С 20 июня 1965 года по 24 сентября 1982. Дмитрий Нестеров. Умер от кровоизлияния в мозг. Жена вызвала психиатрическую помощь, когда у Дмитрия от большой дозы алкоголя началась белая горячка. Он кричал на весь дом что слышит, как плачет дождь.

С 7 декабря 1949 по 2 марта 1953 года. Джон Керр. В тринадцать лет родители привезли его к психиатру. Через полгода он уже был в психбольнице. Утверждал, что вода - на самом деле кровь. Умер от разрыва сердца, когда медсестра заставила его принять ванну.

С 13 января 1987 по 5 мая 1995 года. Фридрих Зобэ. Пытался создать общество защиты капель дождя. Призывал найти альтернативные источники утоления жажды. Убит в баре. Убийца сказал, что Зобе достал со своим драным дождем.

И Я.

Я не один.

Я не один, кто знал правду.

Сегодня. Я сижу в кресле у себя в офисе и думаю о них. О нас. О тех, кому доверена величайшая тайна в мире, о тех, кто создан, что бы знать их правду и их боль. Мессии дождя. Люди дождя.

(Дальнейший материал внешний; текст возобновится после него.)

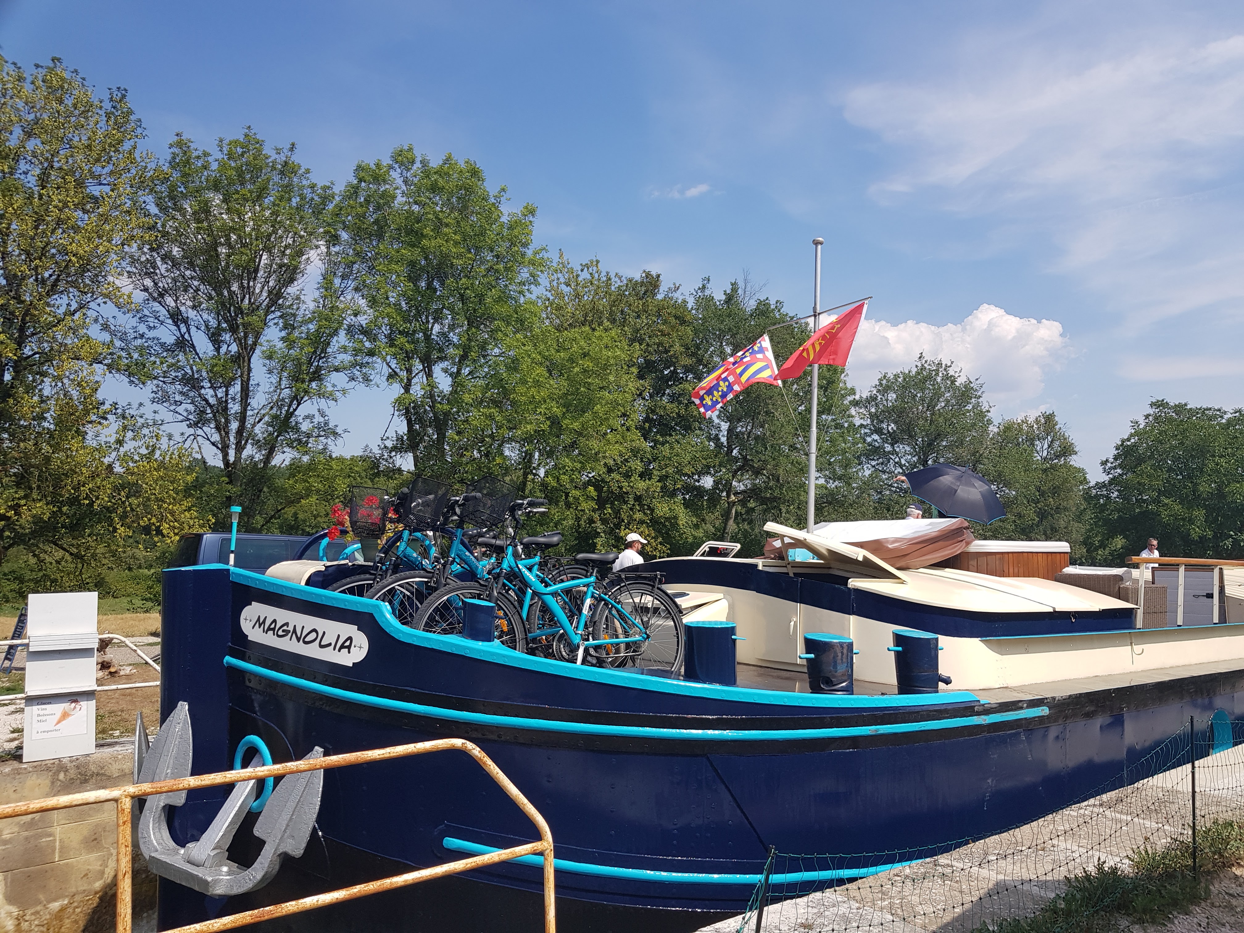 Écluse sur le canal de Bourgogne avec un accueil chaleureux et de bons plats le midi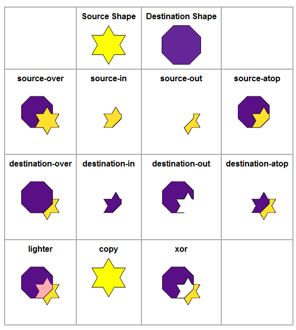 The first shape drawn on the canvas to which additional shapes are added is called the destination shape. The shape drawn on the canvas afterwards to create the composite image is called the source shape. The value of the globalCompositeOperation attribute must be set to one of the following: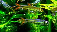 Ladigesia roloffi, the Sierra Leone dwarf characin, is a species of harmless African tetra that is found in Sierra Leone and Liberia, Africa.[2] L. roloffi is the only member of its genus.[3] The fish was named in honor of German aquarist Erhard Roloff (1903–1980), who collected the type specimen.[4] They are a social species generally living in schools at mid depths and surface level fresh water. It lives for five years. Ninety-seven percent of their natural habitat has been lost.[5]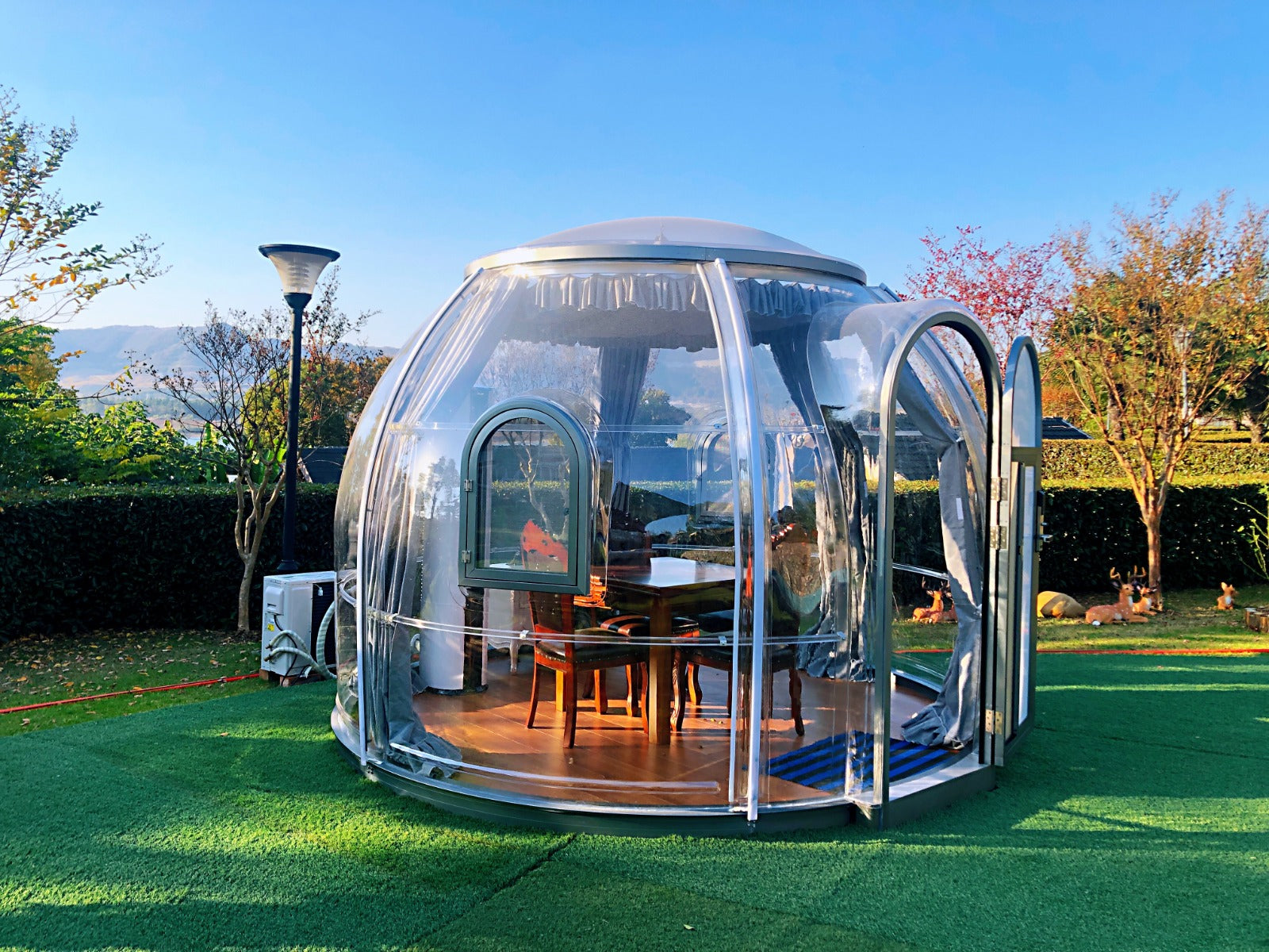 Die Kuppeln sind UV-beständig und schallisolierend, wodurch eine ruhige und geschützte Atmosphäre entsteht. Sie eignen sich perfekt für ein gemütliches Kurzzeitwohnen in malerischen Naturlandschaften – wetterunabhängig und mit höchstem Komfort!
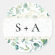 Pegatina Redonda Iniciales de la Pareja de Verdor Geométrico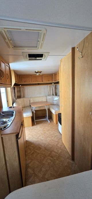 caravana de 2 ambientes. 5,40 metros Año 2006 (está como nueva , utilizada en muy pocas ocasiones) Ruedas recién cambiadas Mosquiteras en todas las ventanas Baño completo con ducha Aire condicionado, calefacción, nevera trivalente. cama de matrimonio y salón convertible (con cama de 2*2) colchones nuevos cocina, carpa, 3 mesas, sillas, toldos... todo el exterior comprado nuevo hace menos de 1 año.
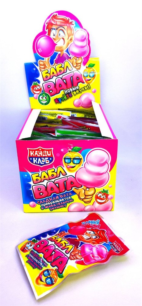Описание Сладкая вата "Бабл вата" удивит вашего ребенка своим перевоплощением из ваты в жевательную резинку, тем самым подарив двойное наслаждение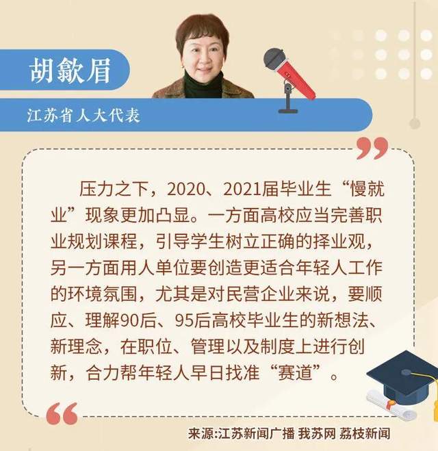 胡歙眉發(fā)現(xiàn),壓力之下,2020、2021屆畢業(yè)生“慢就業(yè)”現(xiàn)象更加凸顯,無論快與慢,年輕人盡快找準屬于自己的“賽道”才是關鍵。如何讓畢業(yè)生能夠結(jié)合自身優(yōu)劣勢制定個人規(guī)劃,更好地為國家重點需要發(fā)展領域做出貢獻,都是學校、用人單位都需要思考的問題。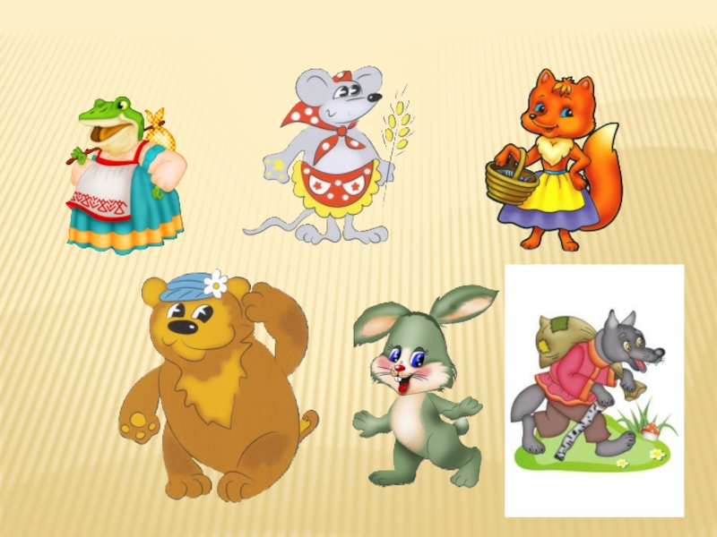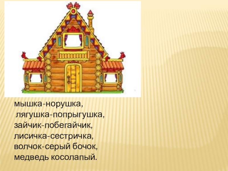 мышка-норушка, лягушка-попрыгушка, зайчик-побегайчик, лисичка-сестричка, волчок-серый бочок, медведь косолапый.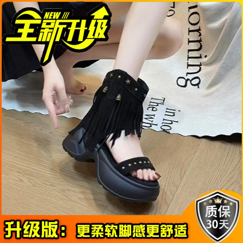 두꺼운 밑창이 있는 플랫폼 여성용 태슬 샌들 여름 신작 로마 샌들 여성용 패셔너블하고 다재다능한 발가락 비치 샌들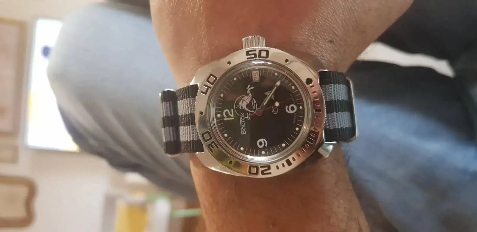 Como ya expresé en otro hilo tengo pensado pillarme un vostok, concretamente el Amphibia 710059. El problema es que estoy pensando que igual me queda muy exagerado en la muñeca ( mi muñeca mide unos 17 cm) y quería saber un poco opiniones de gente que lo tenga porque si que he estado mirando medidas del reloj en internet (41 mm tota de caja según menarom y 46 según komandirskie , y 22 cm de ancho de correa) pero es dificil saber como queda hasta tenerlo puesto.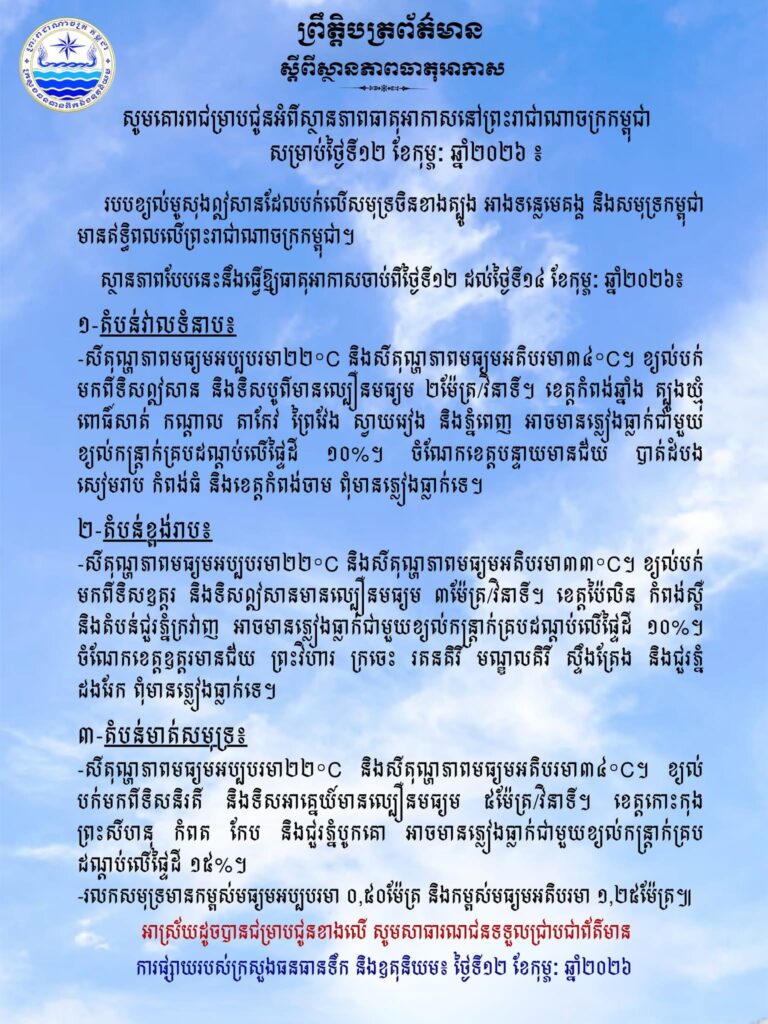 ភ្នំពេញ៖ក្រសួងធនធានទឹក និងឧតុនិយម បានចេញសេចក្តីជូនដំណឹង អំពីស្ថានភាពធាតុអាកាសនៅកម្ពុជា សម្រាប់ថ្ងៃទី១២ ខែកុម្ភៈ ឆ្នាំ២០២៦។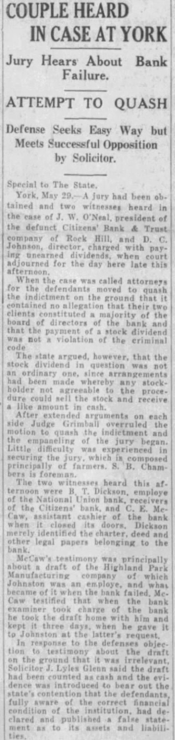 Special to The York May jury had been ob. tained and two heard in the of O'Neal president of the defunct Citizens' Bank & Trust company Rock Hill, and D. Johnson, with paydjourned for the day here late this afternoon. the case was called attorneys for the defendants moved to quash the the ground that no two clients of the board directors of the and that the dividend was not violation of the criminal argued, however, that the question any stock the proce and receive After each Judge overruled the quash the indictment and the jury difficulty the S. Cham The two heard this employe of the the Citizens bank and the bank the legal papers belonging to the McCaw's about draft the Highland Park which Johnston was Caw when the bank bank him three days. when he gave Johnston at the latter's In response to the defenses about the draft the that irrelevant said the had been counted and the introduced bear out the the fully aware the correct financial condition institution, had clared and published false state. as to its assets and liabili-
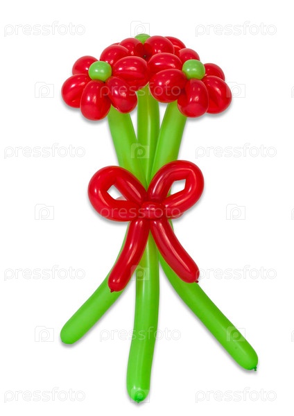 Воздушные шары, скрученные в цветущий букет цветов на белом фоне

Вы знаете, что такое минеральная вода? Это их сгнившие тела, пролежавшие под землей очень долго.

Вы знаете, что такое пиво? Это солод, хмель и их кровь.

Вы знаете…?

Вам еще не плохо?

Что вы пьете в данный момент?

Сок с мякотью.

В смеси с определенным количеством других веществ.

Я не сошел с ума.

Я просто знаю правду…

За окном собираются тучи. Это значит, что сегодня я опять услышу их крики. Я опять услышу удары их тел о тонированные стекла моего офиса. Мойщики окон даже не догадываются, что именно они смывают с куска кварца, за которым мы прячемся от жизни. Я не слушаю рок-музыку, мне хватает барабанов их тел. Я не слушаю симфоний, мне хватает скрипок их голосов.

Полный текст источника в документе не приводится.